* [About this task]
Pictures in the entries below are excluded; copy only the lines from the one containing "Prezentowany tłuczek do" to the one containing "Jasnobrązowe Sneakersy Śniegowce", both included.

-=-=-=-=-

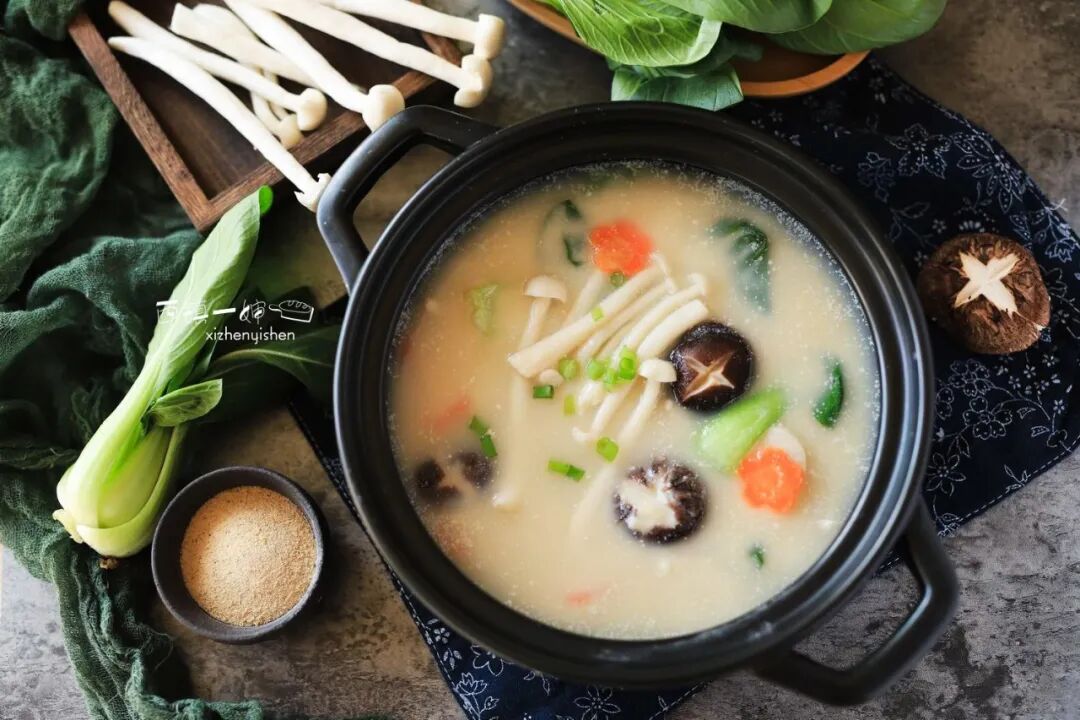 豆浆富含蛋白质和钙,还有丰富的维生素,简直就是最便宜的营养品。所以用豆浆做的汤要比普通汤更为浓稠,特别是加入盐和少许调味料后,那乳白色的汤汁很像用鲫鱼熬煮很久的鱼汤味道浓郁。再加点时蔬菌菇进去一起煮,浓郁的豆香味加上菌菇的鲜,十足鲜美
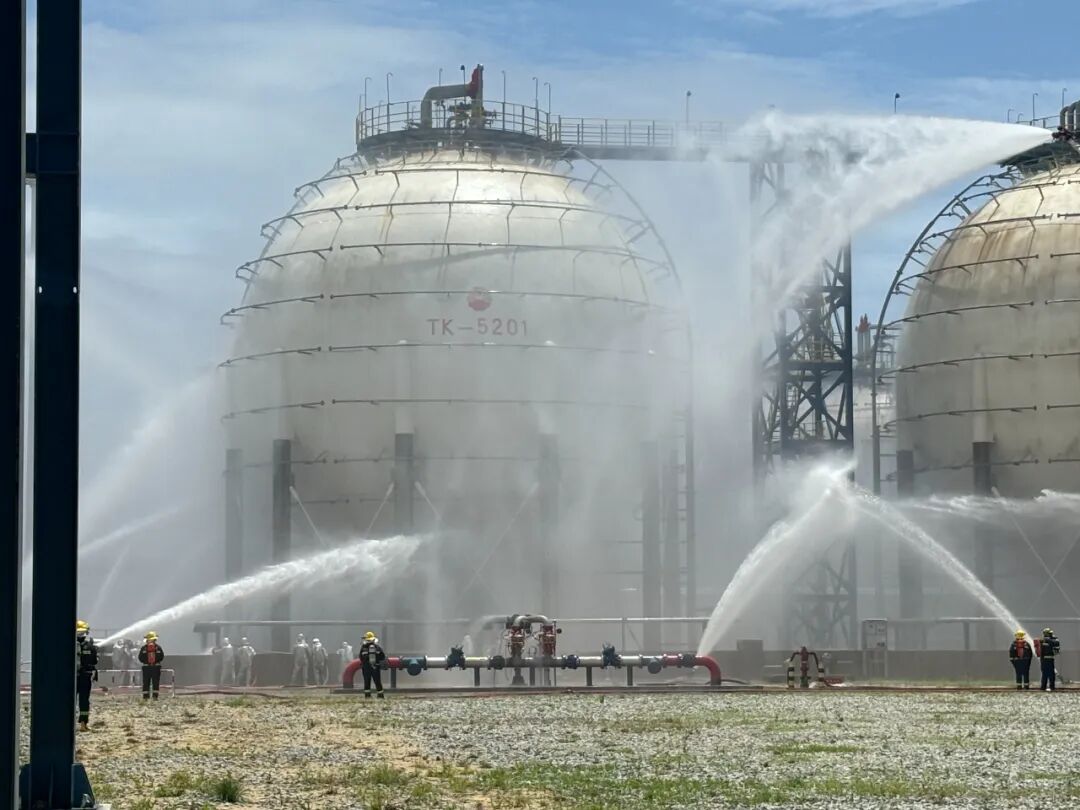 演练现场,巡检员工被突如其来的火焰烧伤,现场烟雾弥漫,火势蔓延,周边装有1万吨危险化学品的8个球罐受到威胁,处置不当将引发连环爆炸事故,现场情况十分危急……
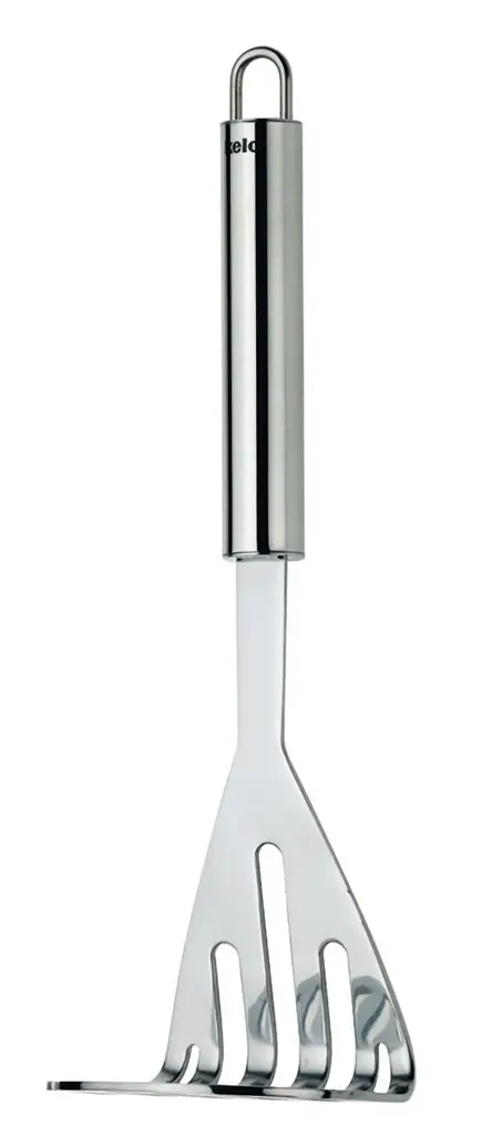 Prezentowany tłuczek do ziemniaków o wymiarach 25 x 8 cm (dł. x śr.) wykonany został z polerowanej stali nierdzewnej - higienicznego materiału odpornego na korozję. Idealnie sprawdzi się do rozgniatania ziemniaków na puree lub innych miękkich warzyw. Wygodny uchwyt zapewnia komfort używania, a pętelka na jego końcu ułatwia przechowywanie, umożliwiając zawieszenie na haczyku kuchennym. Tłuczek przeznaczony jest do mycia ręcznego.
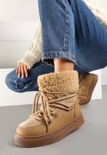 Jasnobrązowe Sneakersy Śniegowce Vices na Grubej Podeszwie Ozdobione Futerkiem i Napisem Nelinena
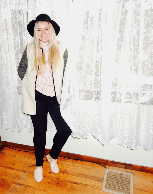 If you want to know what makes me happy, then layers is the answer. As much as I am craving summer, I love layering clothing in the cold because it allows you to be creative and expressive. This jacket is great because it does all the work for you. Notice this is one article of clothing that has sherpa, tweed, and faux leather trim. So many great things going on here! I mentioned how sherpa was a trend in the fall/winter because it was obviously featured on the runways, and I couldn’t help but see it showcased in about every clothing shop. Now I know there is often a debate, sherpa vs. shearling and what’s what, but it’s important to know that sherpa is a manmade, faux material, while shearling is true lambskin. Because I fancy faux, I love that this sherpa is kind to sheep, but it still keeps you toasty. It really has been a staple in clothing forever because it is warm, so I am not surprised that it has been popping up. Aside from the sherpa, I love tweed and fun sleeves (just check out the last blog post if you need reassured)! The tweed is a bit unexpected because, while both fabrics are classics, they are not usually paired together. It totally works, though, and the black faux leather trim really ties all the different elements together. The black pleather goes with the black in the tweed, and the ivory in the tweed goes with the ivory sherpa. It sounds a bit complicated, but trust me, it’s chic and that’s all that matters!

-=-=-=-=-

* [Answer]
 Prezentowany tłuczek do ziemniaków o wymiarach 25 x 8 cm (dł. x śr.) wykonany został z polerowanej stali nierdzewnej - higienicznego materiału odpornego na korozję. Idealnie sprawdzi się do rozgniatania ziemniaków na puree lub innych miękkich warzyw. Wygodny uchwyt zapewnia komfort używania, a pętelka na jego końcu ułatwia przechowywanie, umożliwiając zawieszenie na haczyku kuchennym. Tłuczek przeznaczony jest do mycia ręcznego.
 Jasnobrązowe Sneakersy Śniegowce Vices na Grubej Podeszwie Ozdobione Futerkiem i Napisem Nelinena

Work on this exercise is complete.